Wetlands are classified as an environment that is flooded by fairly shallow water, either seasonally or permanently, and feature a wide array of semi-aquatic and aquatic flora and fauna. These complex and diverse environments can encompass several familiar ecosystems found right here in Pennsylvania, including vernal pools, ponds, marshes, and swamps. Other environments classified as wetlands include bogs, swamps, mangroves, coral reefs, floodplains, and fen. The importance of these environments cannot be understated: they are not only hotspots of biodiversity, but they also maintain and regulate the sources of the Earth’s drinking water. Wetlands are seen as some of the most important environmental health indicators due to their interconnection: wetlands are often situated on porous sediment that filters down to groundwater tables and eventually the aquifers that hold over 95% of the Earth’s drinking water.
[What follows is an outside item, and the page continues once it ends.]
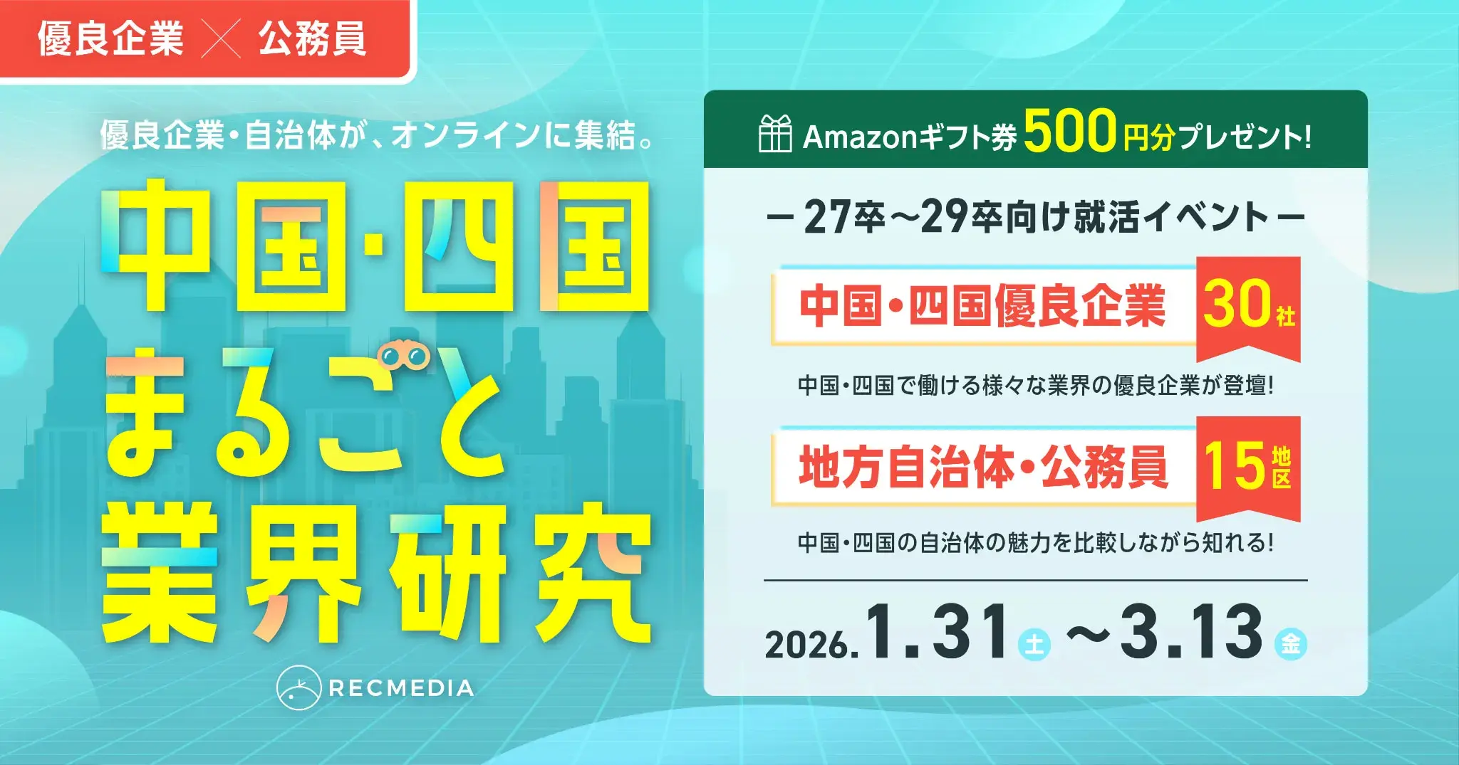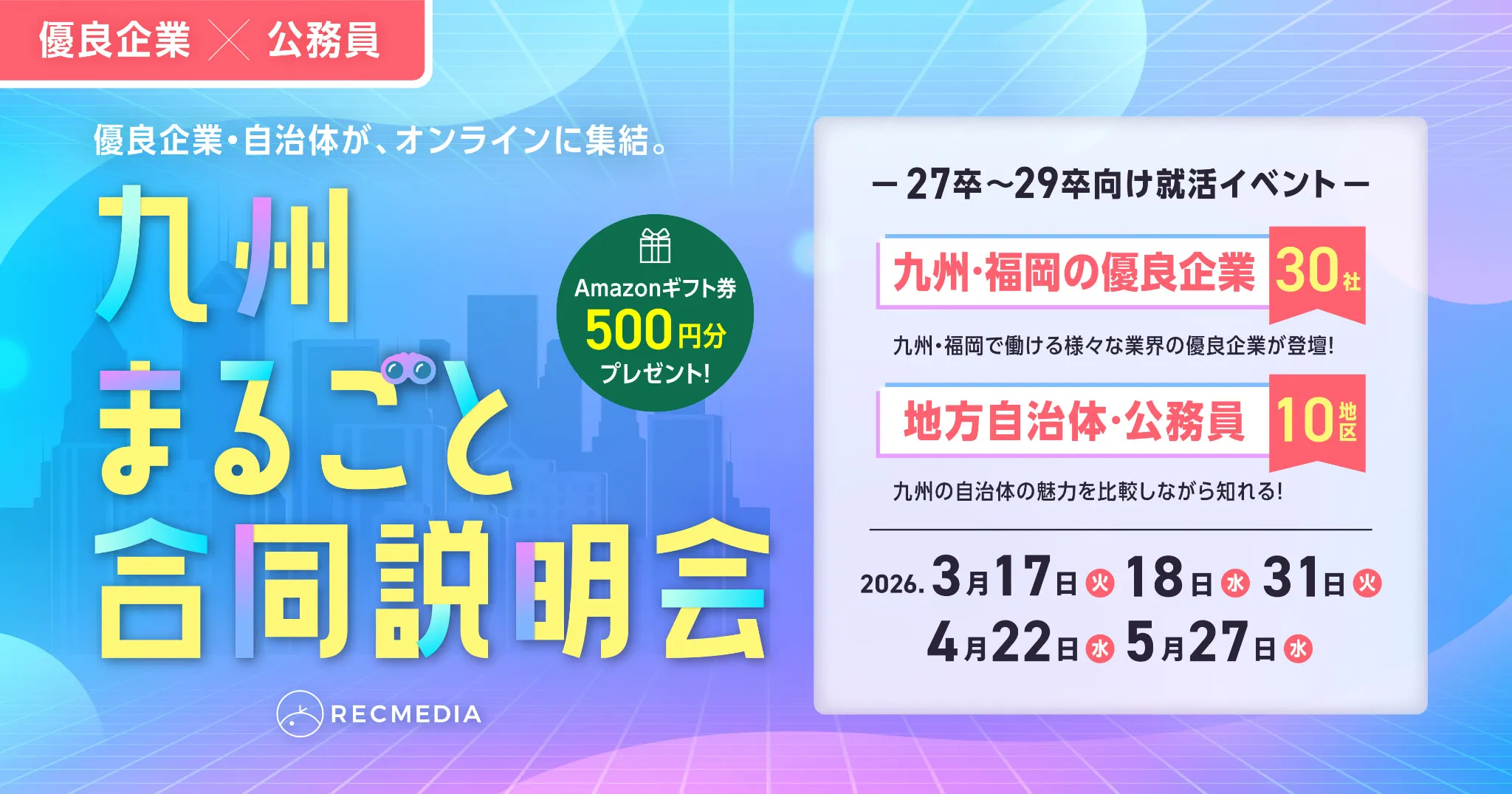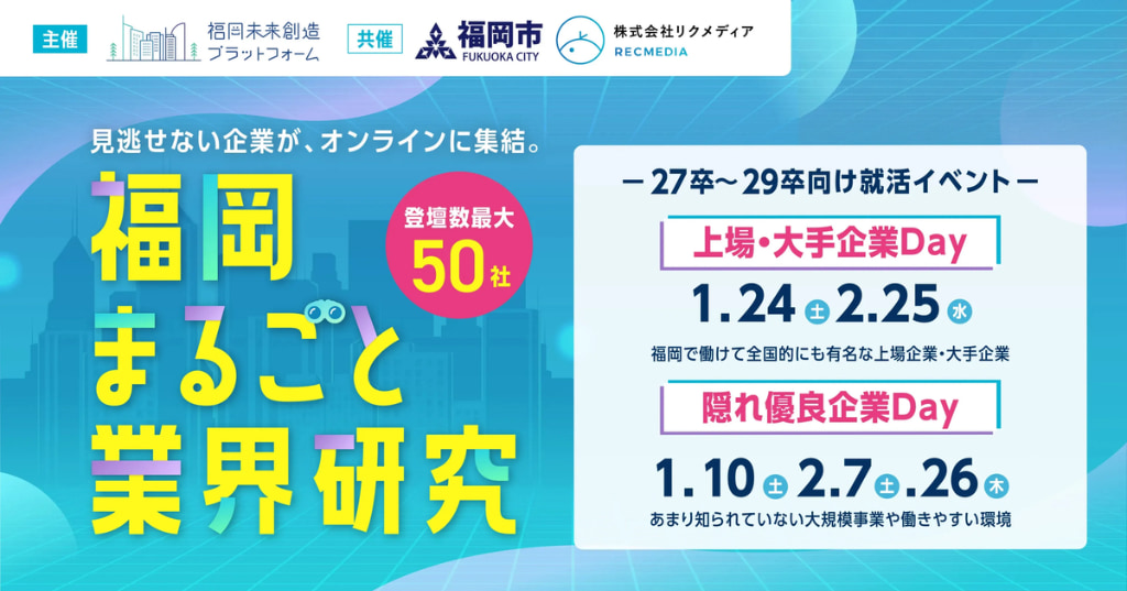 積極的に新卒採用を行う福岡で働ける大手企業・隠れ優良企業が集結する、夏のオンライン就活イベント。業界研究をはじめ、おすすめの夏インターン等の紹介や早期選考の案内など、福岡の企業の魅力がまるごと分かるオンライン就活イベントです。カメラOFF・ミュートでカジュアルに参加できる形式。文系・理系・学年問わず参加OKです!

These wetlands serve many important functions, including groundwater replenishment, shoreline and storm protection, carbon processing and water purification, flood management and water storage. Many wetlands are critical life-stage habitats, serving as nurseries for thousands of species who leave their young to develop in the shallow, stable waters. In New England, seasonal vernal pools where thousands of amphibians and insects breed and incubate their young are drying up much faster due to climate change, crippling their development cycle and wiping out future generations. This causes a chain reaction of consequences, impacting their predators, the fauna that these species maintain, and the larger ecosystem’s reliance upon a complicated web of interdependent wildlife. Many species of birds, insects, mammals, and fish depend entirely upon wetlands for their entire lifecycles and are specifically evolved for their local hydrology. To understand the enormity of the biodiversity found in these ecosystems, one must only look to the Great Barrier Reef or the Amazon River Basin, both of which are classified as wetlands, and both of which are hotspots of global biodiversity.
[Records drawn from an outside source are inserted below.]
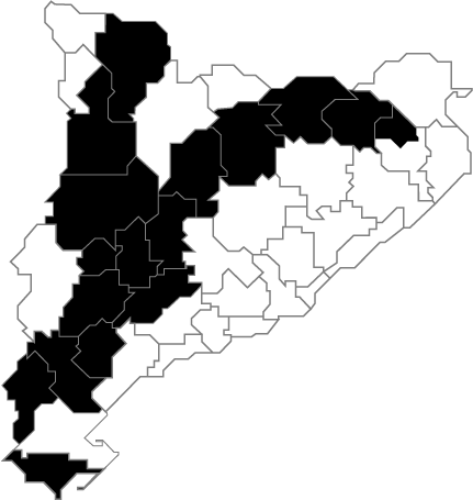 Ara fixem-nos en el mapa: de l'Alt Empordà al Baix Ebre, no hi ha cap comarca costanera on el percentatge de persones que parlen el català arribi al 90% -i em situo en la banda alta de les estadístiques perquè no penseu que vull portar l'aigua al molí dels pessimistes-. El mateix podem dir de les comarques més industrialitzades i, si ens fixem en les comarques pirinenques, ens adonem que, tret del Ripollès i el Pallars Sobirà, la frontera nord mostra un afebliment clar. Cal recordar que el turisme és un fenomen més recent aquí que a la costa; per tant, podem esperar-hi un procés semblant en pocs anys. Si ara ens fixem en les comarques on el català és parlat per més del 90% de la població, el resultat és el del mapa 2.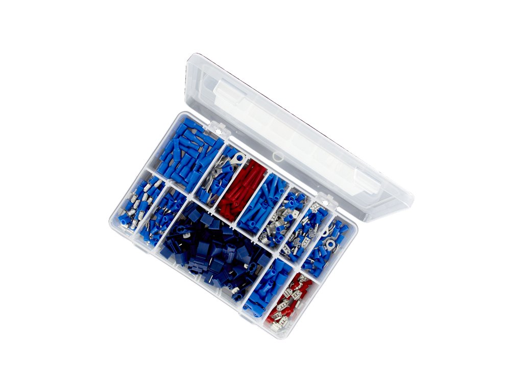 Komplet priključkov in priključkov za zaključevanje kablov avtomobilske električne opreme v plastičnem organizatorju s pokrovom.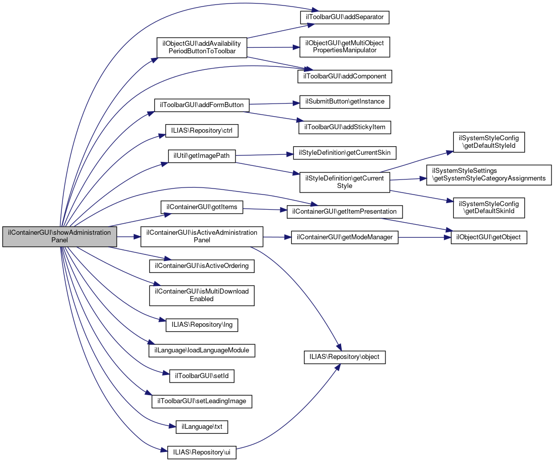Here is the caller graph for this function:| ilContainerGUI::showAdministrationPanel | ( | ) |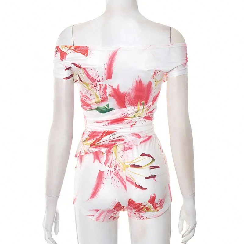 Dropshipping American Clothing Wholesale New Arrivals Two Piece Flower Print 2026 Shorts Set Women

Wetlands are particularly sensitive to human interference, and often are some of the first to suffer environmental degradation from wastewater pollution, real estate development, and exploitation of its flora and fauna. Over half of the wetlands in the lower 48 United States have been lost to development and human interference, and yearly an estimated additional 60,000 acres are damaged or destroyed. Rapid degradation of wetlands has rippling consequences that affect ecosystems many thousands of miles away: removing wetlands from inland environments creates vast ocean dead zones like the one we see in the Gulf of Mexico today. These dead zones are created by the poor quality of water that was once filtered and replenished by wetlands running straight into our seas, taking sediment and pollution with it. Wetlands serve as “natural infrastructure,” an intermediary between the water table and our oceans, making their destruction consequential for all habitats around the world.
Wetlands are particularly delicate and extremely important to human survival: to our drinking water, the safety of our communities from erosion and floods, and natural regulation of our carbon emissions. Maintaining our wetlands is especially important as we reach a pivotal moment in the fight against climate change–conservation of natural carbon processors like wetlands must become a priority for mankind if we are to tackle global warming in the long term.